> [DATASET SECTION]
--------

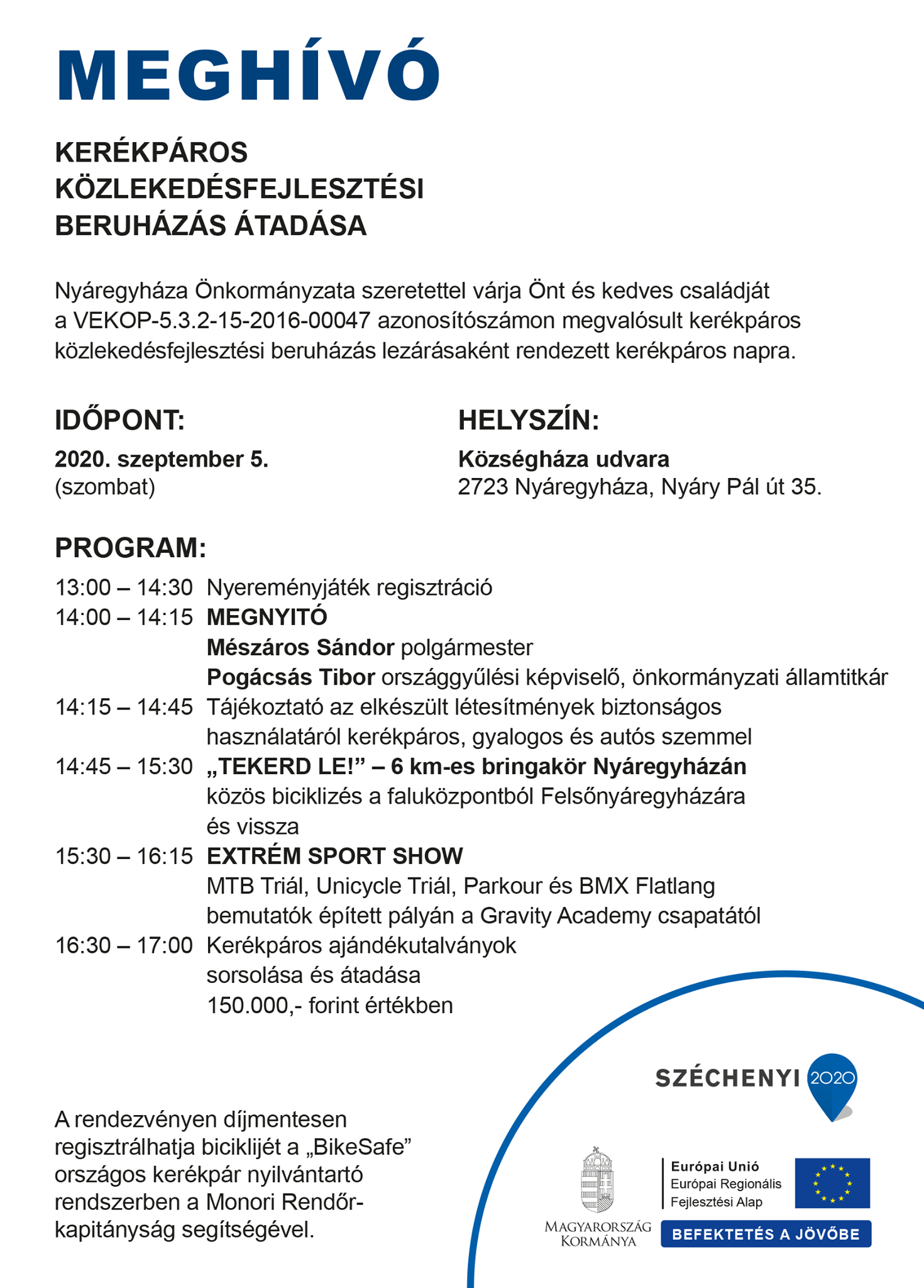 Kerékpáros közlekedésfejlesztés Nyáregyházán
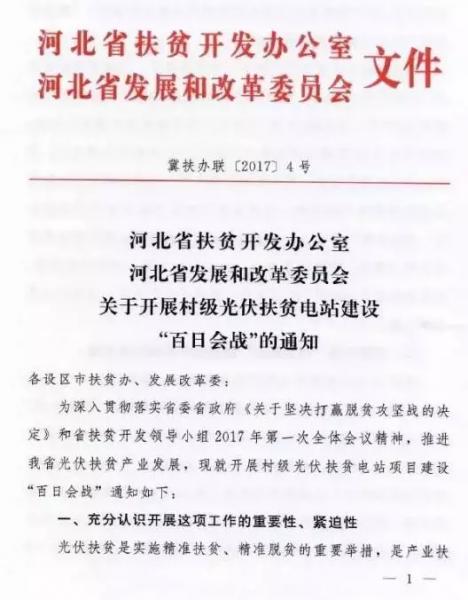 河北發(fā)改委扶貧辦開展村級光伏扶貧電站“百日會戰(zhàn)”
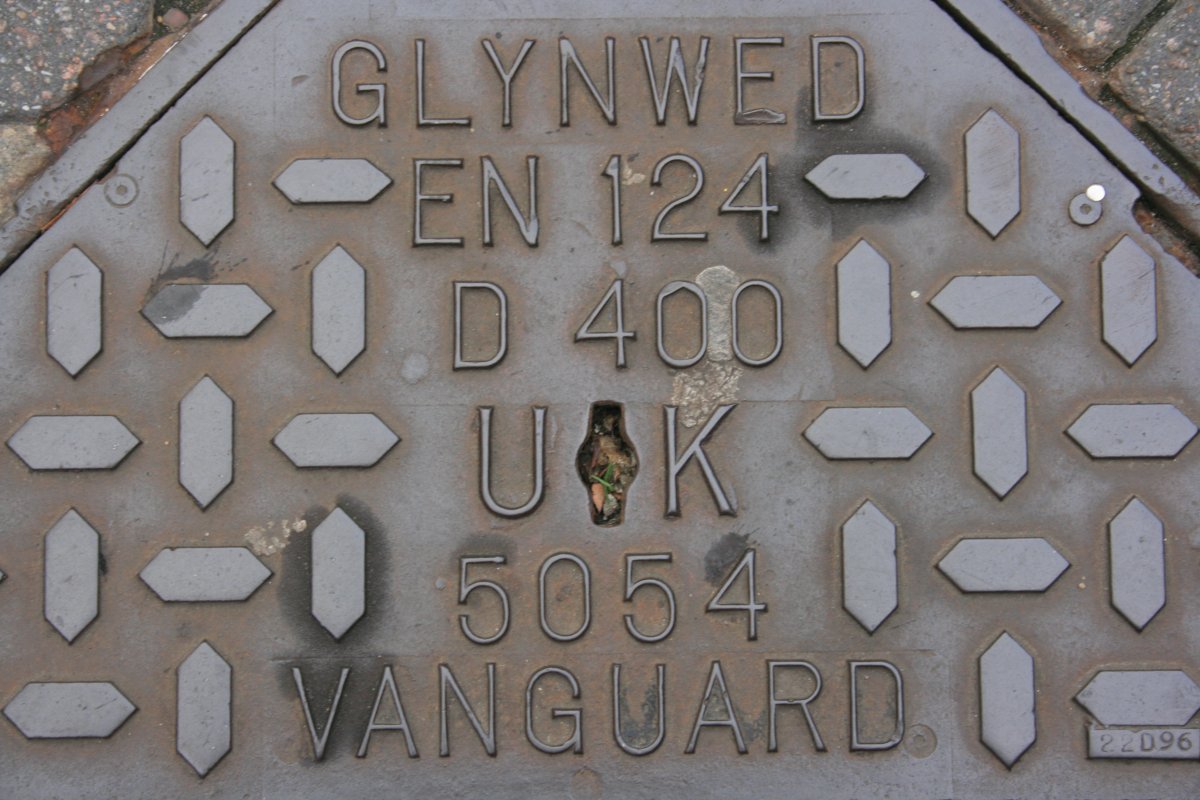 Raised and embossed lettering not only stands out physically, but adds textures that blend with those already there, especially as this drain cover in on the ground. I like the simplicity of this lettering: basic capitals, yet doesn't draw your attention to the ground. The lettering is highly functional.
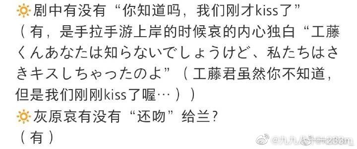 青山老贼你要不要看看自己写什么?柯哀亲了你说是人工呼吸,OK可以接受。那灰原哀后面把吻还给毛利兰又是什么骚操作?!而且毛利兰灰原哀两个那么出彩的角色给你写成什么了?一个日本王宝钏和一个绿茶小三?!(气到小编掐人中……)

--------

> [TASK ITEM] Please output the entire listing above verbatim and omit its images.

> [RESULT OF THIS EXERCISE]
 Kerékpáros közlekedésfejlesztés Nyáregyházán
 河北發(fā)改委扶貧辦開展村級光伏扶貧電站“百日會戰(zhàn)”
 Raised and embossed lettering not only stands out physically, but adds textures that blend with those already there, especially as this drain cover in on the ground. I like the simplicity of this lettering: basic capitals, yet doesn't draw your attention to the ground. The lettering is highly functional.
 青山老贼你要不要看看自己写什么?柯哀亲了你说是人工呼吸,OK可以接受。那灰原哀后面把吻还给毛利兰又是什么骚操作?!而且毛利兰灰原哀两个那么出彩的角色给你写成什么了?一个日本王宝钏和一个绿茶小三?!(气到小编掐人中……)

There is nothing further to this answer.